◆ Supplied information
►

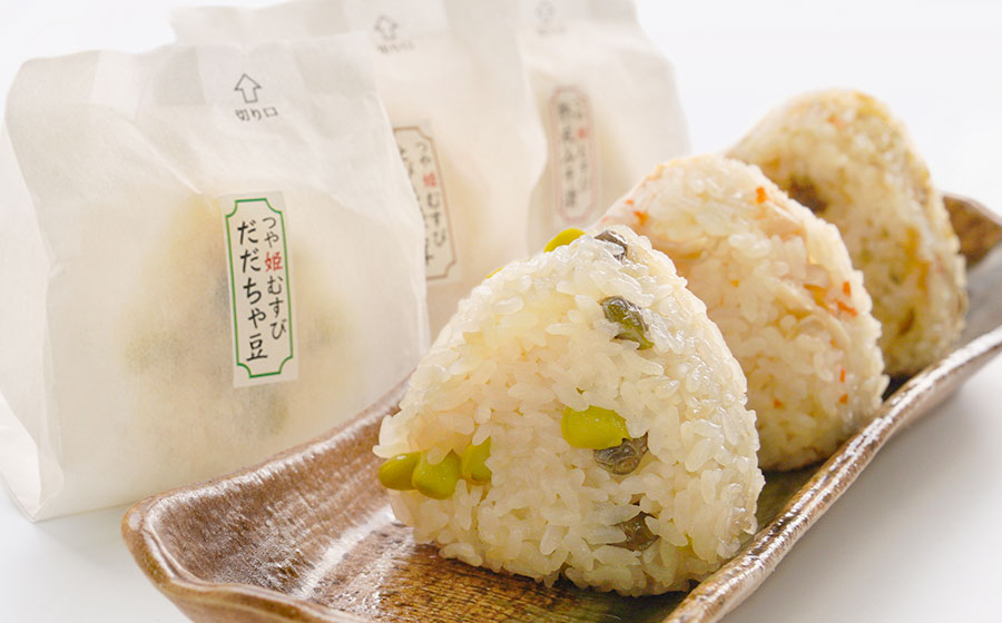 『つや姫むすびだだちゃ豆』甘みと香りが絶品の枝豆の王様「だだちゃ豆」を贅沢に使った香り高い炊き込みごはんのおむすび。
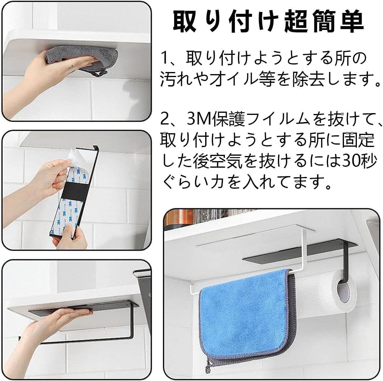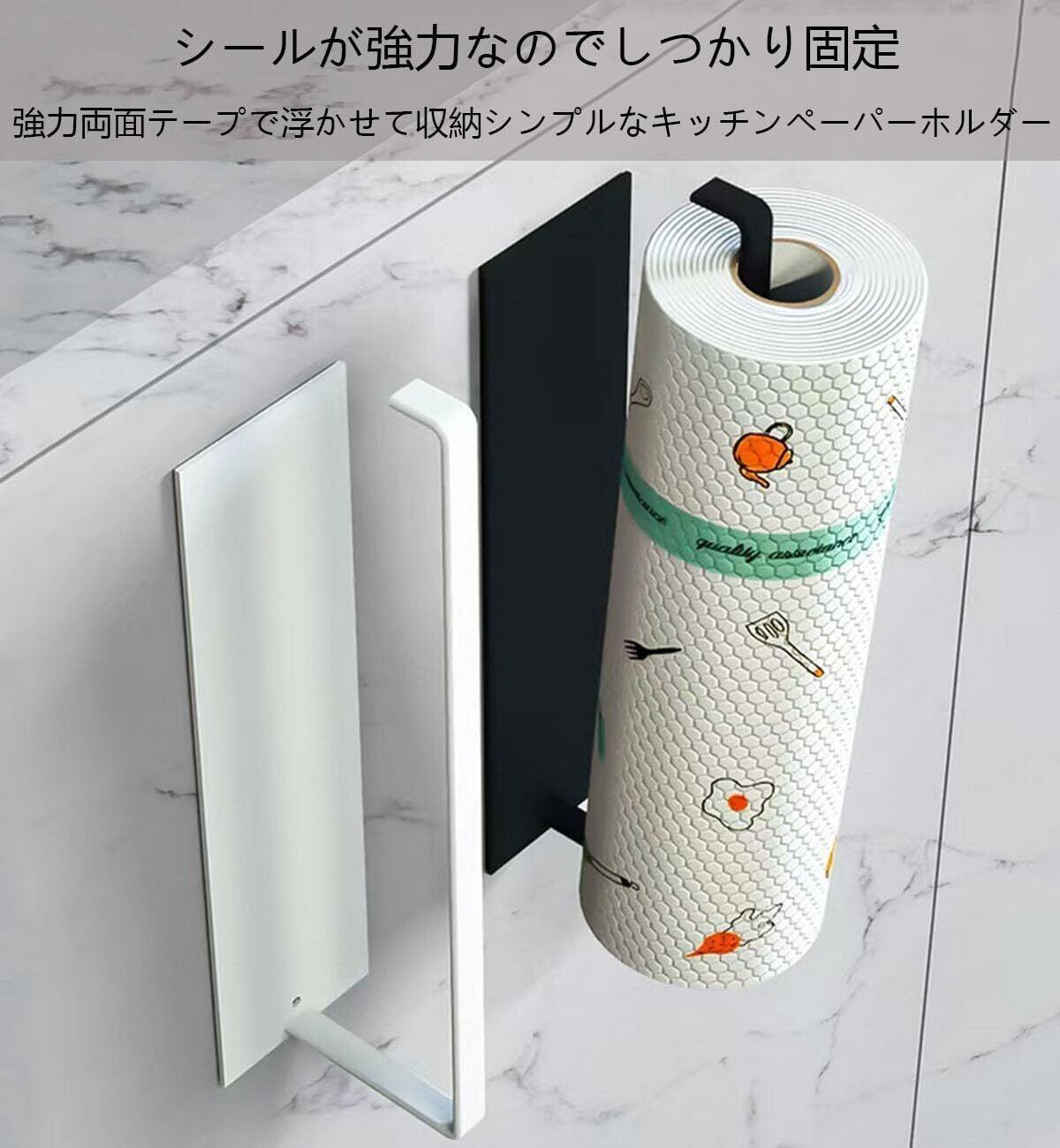 強力粘着式キッチンペーパーホルダー タオルホルダー 3M両面テープ 安定感がよい 片手でカット 縦横設置OK タオル掛け 壁掛け 吊り下げ ステンレス製 浴室 洗面所 キッチン対応 シンプル 1個入 (ホワイト)
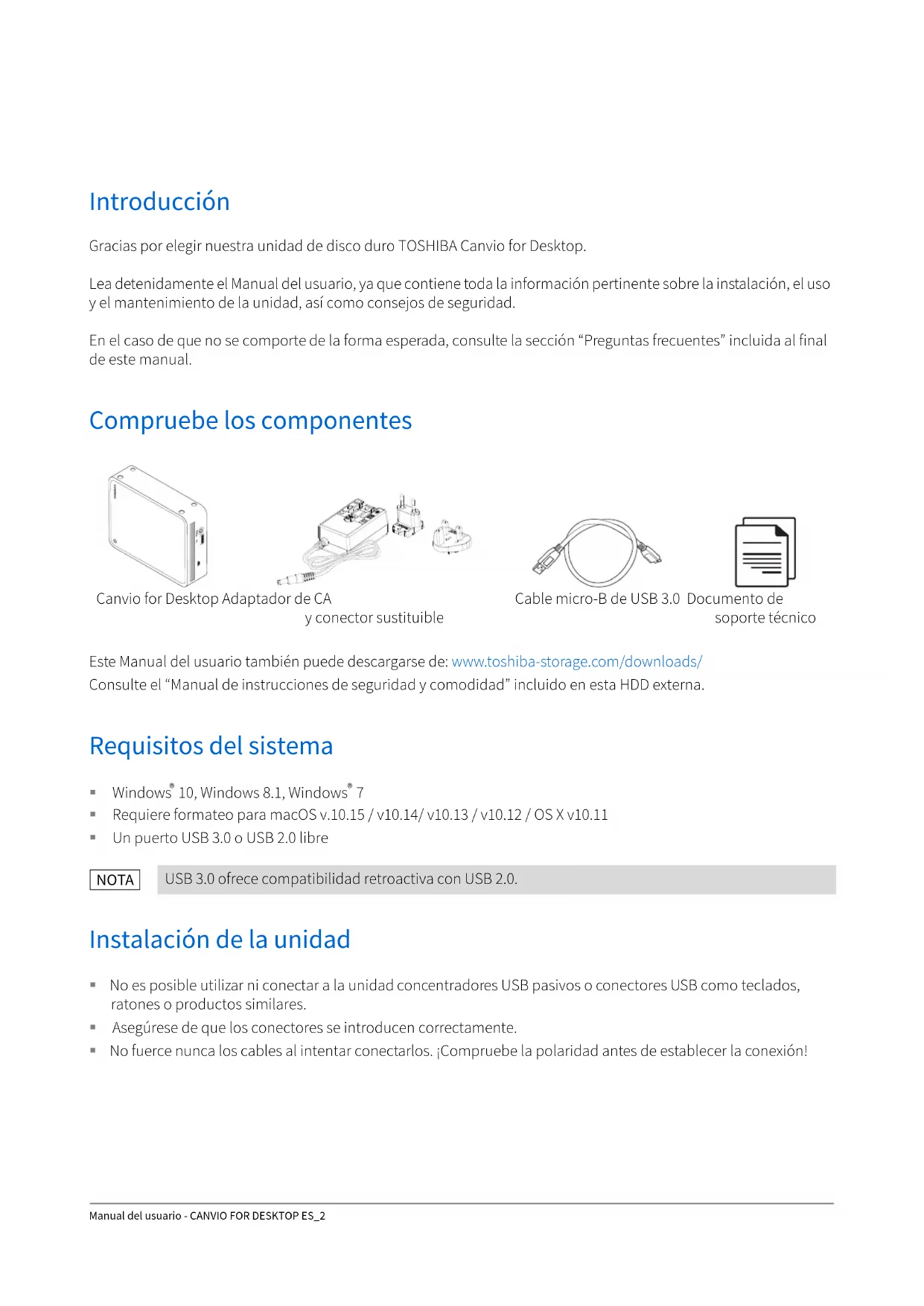 HDWC340EK3JB - Disco duro externo TOSHIBA - Manual de uso y guía de instrucciones gratis

◄

◆ Work to be completed
"強力粘着式キッチンペーパーホルダー タオルホルダー 3M両面テープ" marks the first line to be returned; return exactly that line and every line after it through the last line of the listing, omitting pictures.

◆ Written answer
 強力粘着式キッチンペーパーホルダー タオルホルダー 3M両面テープ 安定感がよい 片手でカット 縦横設置OK タオル掛け 壁掛け 吊り下げ ステンレス製 浴室 洗面所 キッチン対応 シンプル 1個入 (ホワイト)
 HDWC340EK3JB - Disco duro externo TOSHIBA - Manual de uso y guía de instrucciones gratis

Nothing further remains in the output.